A more complex site is the L99A/M102Q double mutant of T4 lysozyme, which is more polar than L99A. Wei and colleagues reported the discovery of ligands selective for L99A/M102Q by screening against the 172,000 compound ACD database using DOCK 3.5 [25]. Seven compounds that scored well against the double mutant, but not against the L99A single mutant, were purchased and tested for binding. Five of these were determined by x-ray crystallography. Docking predictions corresponded to the crystallographic results within 0.4 Å RMSD [Fig. (6)], and were so detailed as to include predictions of double occupancy as seen in some crystal structures. Again, docking clearly works very well on small polar molecules against this simple site.

Figure 6.

Figure 6

Superposition of the crystal structure of Tm0936 in complex with SIH (red) and the docking predicted structure of the high-energy intermediate of SAH (carbons in green). Enzyme carbons are coloured light blue, SAH and enzyme oxygen atoms are coloured red, nitrogens blue and sulphurs orange. The purple sphere represents the divalent metal ion. An Fo-Fc omit electron density map for SIH is shown, contoured at 4.1 σ. The structure was determined at 2.1 Å resolution. (from Ref. [30])
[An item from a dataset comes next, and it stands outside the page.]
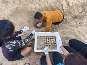 อย่างไรก็ตาม เนื่องด้วยตำแหน่งหลุมไข่อยู่ในจุดที่สุ่มเสี่ยงต่อการถูกน้ำทะเลท่วมถึงตามอิทธิพลของน้ำขึ้น-น้ำลง และอาจได้รับอันตรายจากปัจจัยทางธรรมชาติ คณะเจ้าหน้าที่จึงได้ร่วมกันเคลื่อนย้ายไข่เต่าทั้งหมดไปเพาะฟักยังพื้นที่ปลอดภัย บริเวณชายหาดหน้าศูนย์บริการนักท่องเที่ยว โดยมีการจัดตั้งคอกกั้นและติดตั้งระบบรักษาความปลอดภัย พร้อมจัดเจ้าหน้าที่เฝ้าระวังตลอด 24 ชั่วโมง
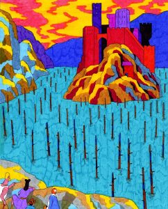 Résumé de l’éditeur : Après un long voyage, une soucoupe se pose au milieu des dolmens. Deux hommes en descendent, qui retrouvent leur planète natale. Le premier, muet, est désigné sous le nom de « Silence ». Le second prend le nom de Béla. Il porte un bandeau sur l’oeil, découvre un pays qu’il n’a jamais connu, et part à la rencontre de son père. Tombé dans une embuscade, ils sont faits prisonniers par un peuple étrange ; tous portent un masque identique au visage de l’illustre aïeul, Lemon Jefferson, assassiné 250 ans plus tôt. Béla ne reverra pas son père. Il vient de comprendre. Silence lui a menti. Héritier d’un royaume qui n’existe plus, ignorant de ses secrets, Béla est perdu dans ce monde qui devrait être le sien. Il cherche à en percer le mystère, caché sans doute dans le tombeau de sa mère Alaska, enfoui sous la grande forteresse. Ainsi, le pense-t-il, il pourra renoncer à son nom, à la violence qui se joue de tous, et enfin croire en son propre destin. Plus de 10 ans après Lemon Jefferson et la grande aventure, Simon Roussin renoue avec le dessin au feutre et l’épopée tragique. Aux couleurs candides et violentes du premier opus, s’ajoutent une lumière mélancolique, dans ce livre magnifique travaillé par un grand sentiment d’étrangeté.

The charged, wet site of the synthetic model site of the cytochrome C peroxidase W191G mutant affords a slightly more complex site, as it allows for a water molecule to be present. Brenk and co-workers reported the discovery of new binders by docking a library of 5300 compounds from the ACD using DOCK 3.5 [26, 27]. They picked 16 high scoring compounds not previously known to bind. Fifteen of these showed experimentally measurable binding affinity, ranging from 20 to 60 µM. Crystal structures were determined for ten of these and the observed geometries corresponded closely to those predicted by docking [Fig. (7)]. This is more evidence that docking is clearly working most of the time against simple sites with very small ligands.

Figure 7.

Figure 7

Docking discovers two novel β-lactamase inhibitors. (A) Structures of the two new inhibitors. (B) Initial unbiased Fo-Fc density contoured at 3 σ from the 1.8 Å structure with compound 3 modeled. Full crystallographic statistics are given in Table S3, Supporting Information. (C) Hydrogen bonding pattern of 3 with AmpC. (D) Overlay of the crystal structure (white carbons) overlaid to the initial pose proposed by DOCK (magenta carbons). The RMSD of the heavy atoms between the two poses was 0.9 Å. (from Ref. [31]
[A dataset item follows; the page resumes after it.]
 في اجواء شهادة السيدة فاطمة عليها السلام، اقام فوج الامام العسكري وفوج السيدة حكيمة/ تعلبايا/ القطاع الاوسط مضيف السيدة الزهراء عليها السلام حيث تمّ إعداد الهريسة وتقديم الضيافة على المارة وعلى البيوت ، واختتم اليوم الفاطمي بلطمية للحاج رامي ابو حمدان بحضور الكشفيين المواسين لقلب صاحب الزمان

Docking small molecules to these simple model sites works reliably, but what about real drug sites? Whereas the complexity of a real drug site cannot be simplified, the ligands docked to it can be, using fragments, often defined as molecules up to about 250 Daltons. Chen and Shoichet identified fragment-sized ligands for CTX-M β-lactamase, a clinically important antibiotic resistance enzyme [28]. They docked 67,000 fragments from of the ZINC database, using DOCK 3.5. The best inhibitor found has a Ki of 21 µM and corresponds closely to the crystal structure.

Another important antibiotic resistance enzyme, AmpC β lactamase has been targeted by Teotico et al. in a screen of 137,639 fragments of the ZINC database [29]. The study produced a very high hit rate of 46% and Ki values that ranged from 700 µM to 9.2 mM. Upon crystallization of eight fragments, they found RMSDs ranging from 0.2–2.6 Å for six of the inhibitors, while the remaining two were in very different poses due to substantial changes in the protein conformation.

These results indicate quite strongly that docking predicts the poses of fragment-sized molecules against not only simple model sites, but against real drug sites, with a few notable exceptions.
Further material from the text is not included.